Data provided:
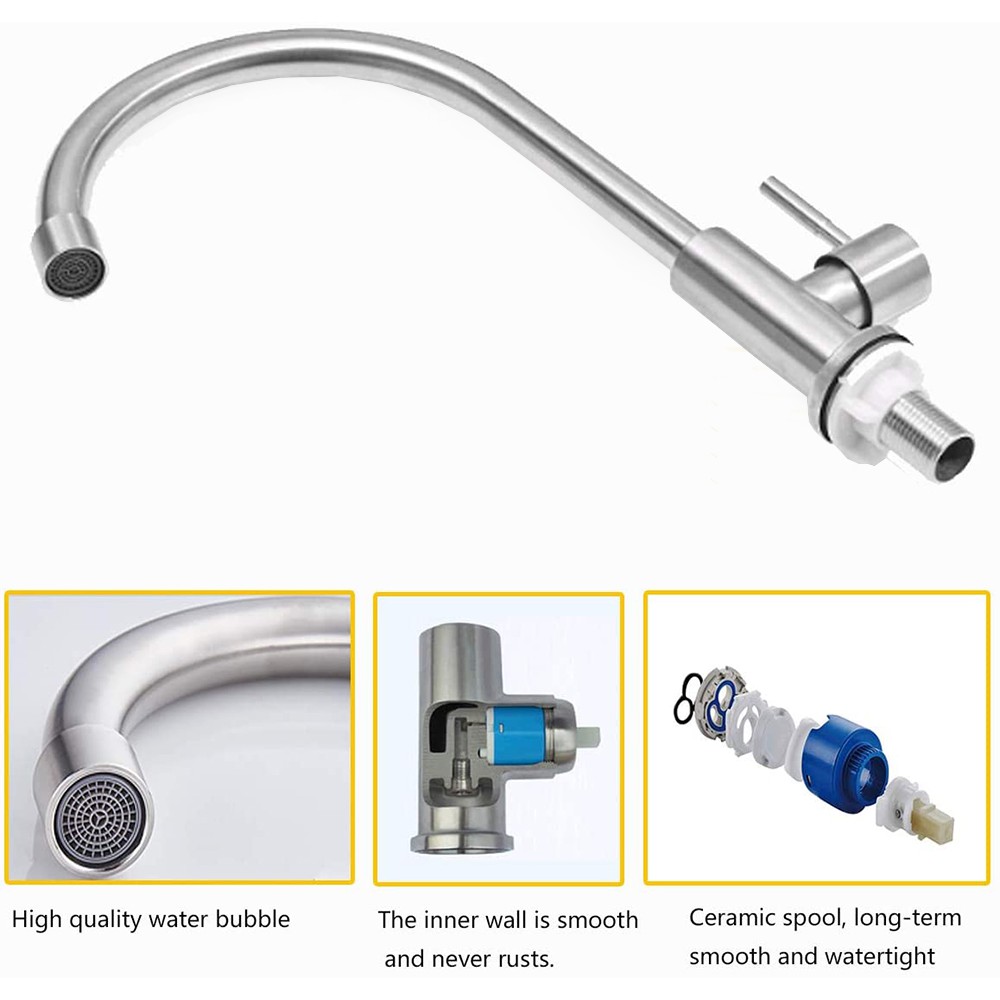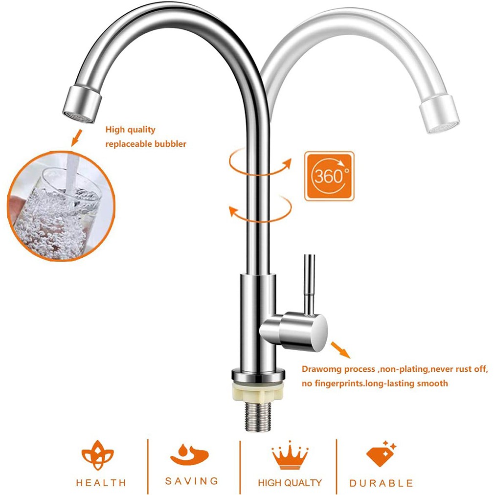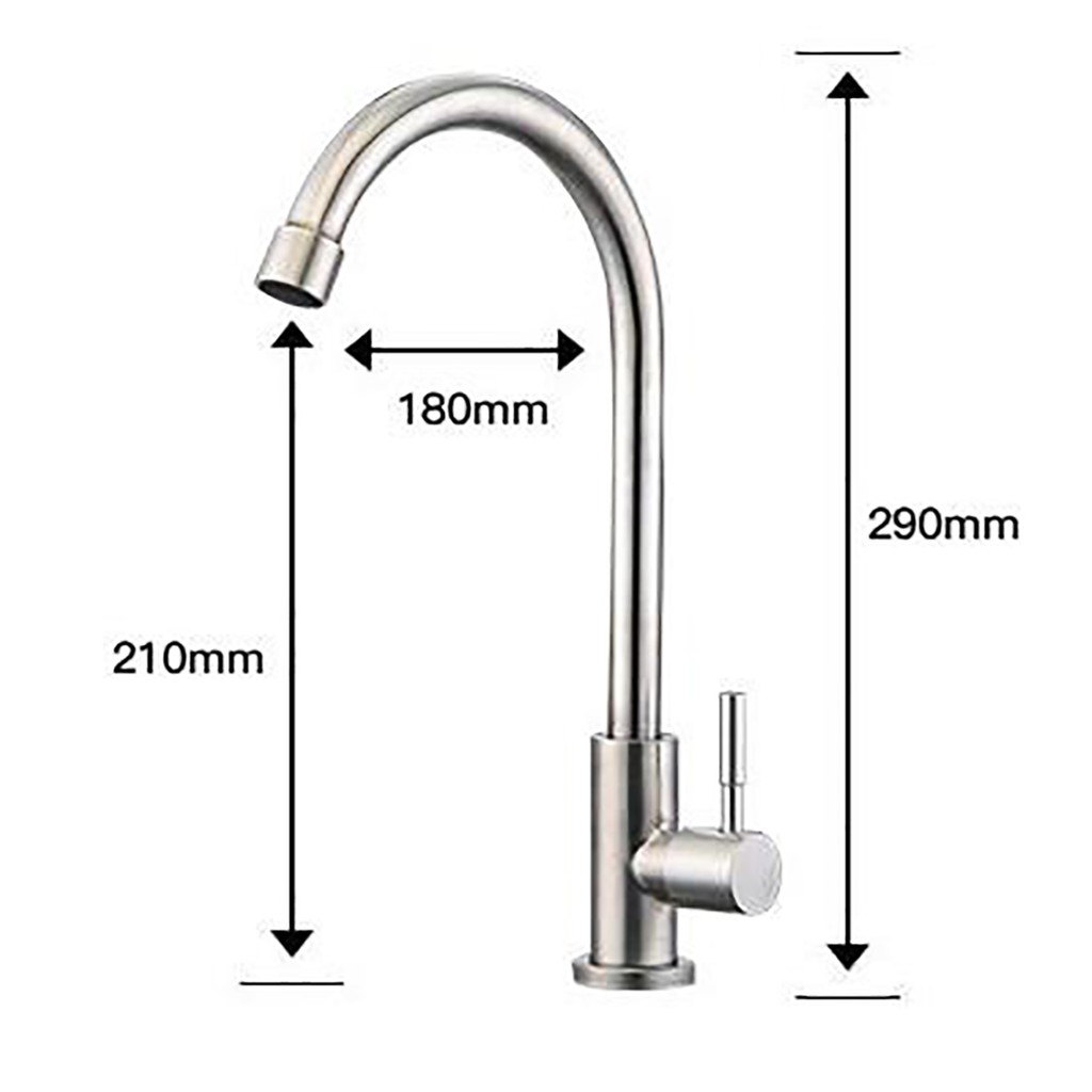 Vòi rửa chén lạnh có chất liệu inox SUS 304 tinh khiết, sáng bóng, bền bỉ.
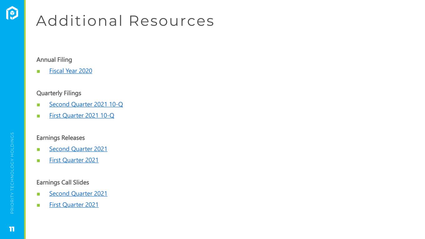 P R IO R IT Y T E C H N O L O G Y H O L D IN G S Additional Resources P R IO R IT Y T E C H N O L O G Y H O L D IN G S 11 Annual Filing ■ Fiscal Year 2020 Quarterly Filings ■ Second Quarter 2021 10-Q ■ First Quarter 2021 10-Q Earnings Releases ■ Second Quarter 2021 ■ First Quarter 2021 Earnings Call Slides ■ Second Quarter 2021 ■ First Quarter 2021
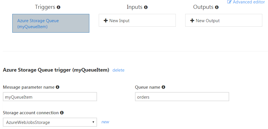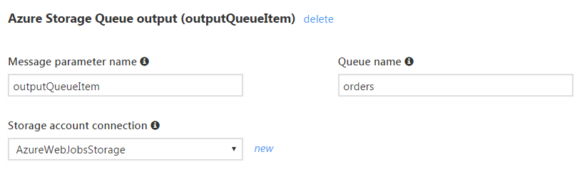 I’ll call my queue “orders”, and Azure Functions will automatically create it for me.
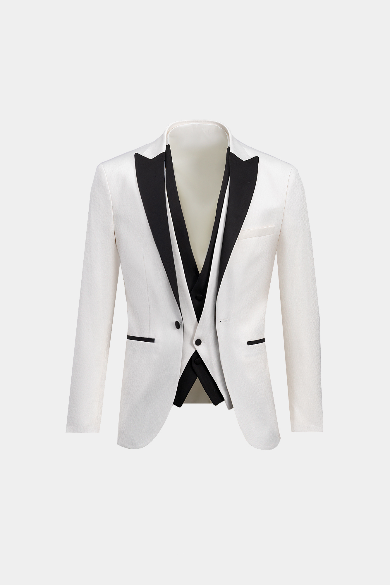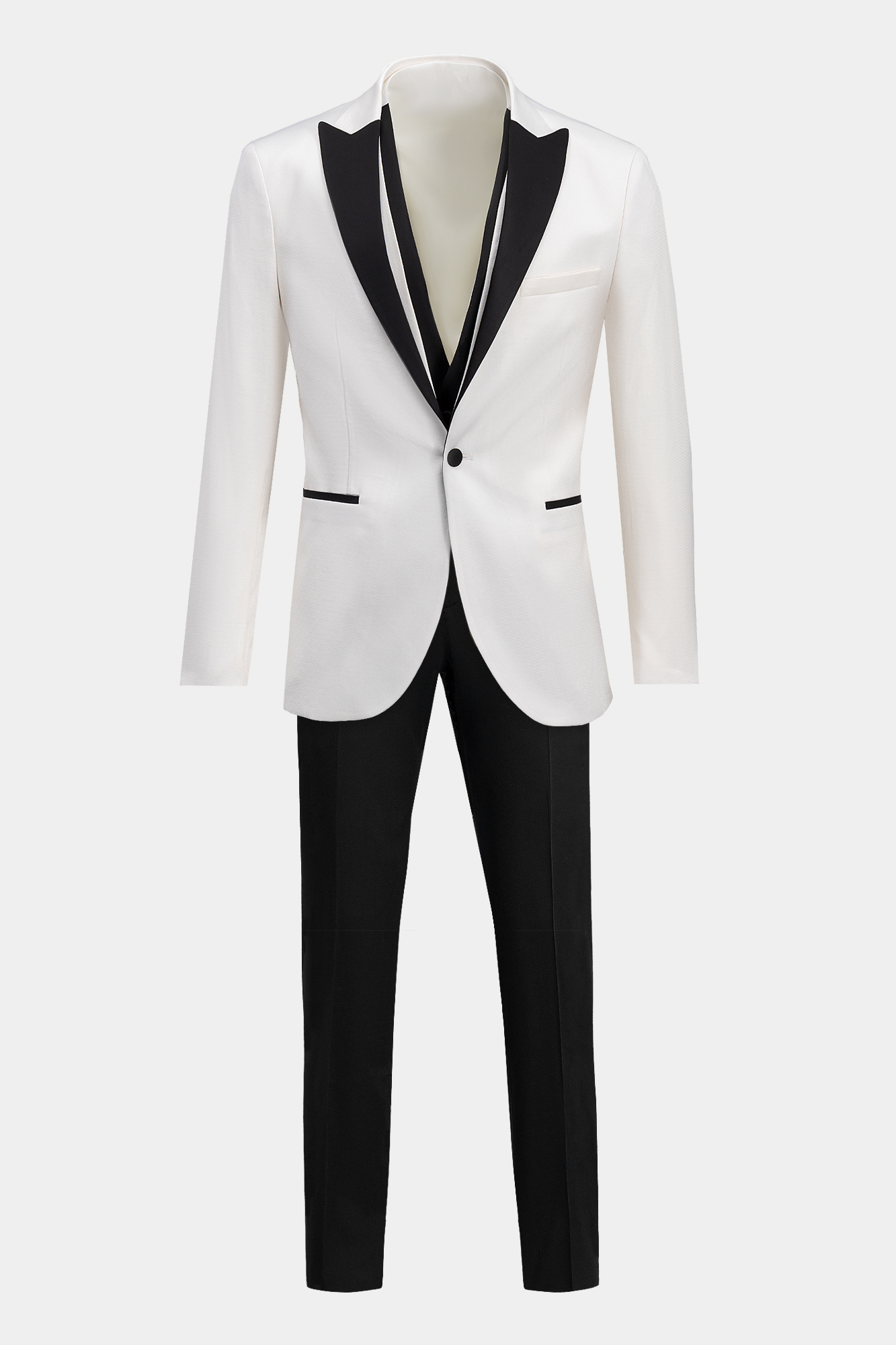 Церемониално сако Ceremony Slim с втален силует, подходящо за всички сезони. Елегантен сатениран ревер и закопчаване с едно копче. С два странични джоба и джоб на гърдите, както и три вътрешни джоба за допълнителна функционалност. Включено елече за завършен и стилен вид. Състав: 47% вискоза, 53% полиестер.

Activity: Please write the material out again exactly as shown above, minus any pictures.

Your solution:
 Vòi rửa chén lạnh có chất liệu inox SUS 304 tinh khiết, sáng bóng, bền bỉ.
 P R IO R IT Y T E C H N O L O G Y H O L D IN G S Additional Resources P R IO R IT Y T E C H N O L O G Y H O L D IN G S 11 Annual Filing ■ Fiscal Year 2020 Quarterly Filings ■ Second Quarter 2021 10-Q ■ First Quarter 2021 10-Q Earnings Releases ■ Second Quarter 2021 ■ First Quarter 2021 Earnings Call Slides ■ Second Quarter 2021 ■ First Quarter 2021
 I’ll call my queue “orders”, and Azure Functions will automatically create it for me.
 Церемониално сако Ceremony Slim с втален силует, подходящо за всички сезони. Елегантен сатениран ревер и закопчаване с едно копче. С два странични джоба и джоб на гърдите, както и три вътрешни джоба за допълнителна функционалност. Включено елече за завършен и стилен вид. Състав: 47% вискоза, 53% полиестер.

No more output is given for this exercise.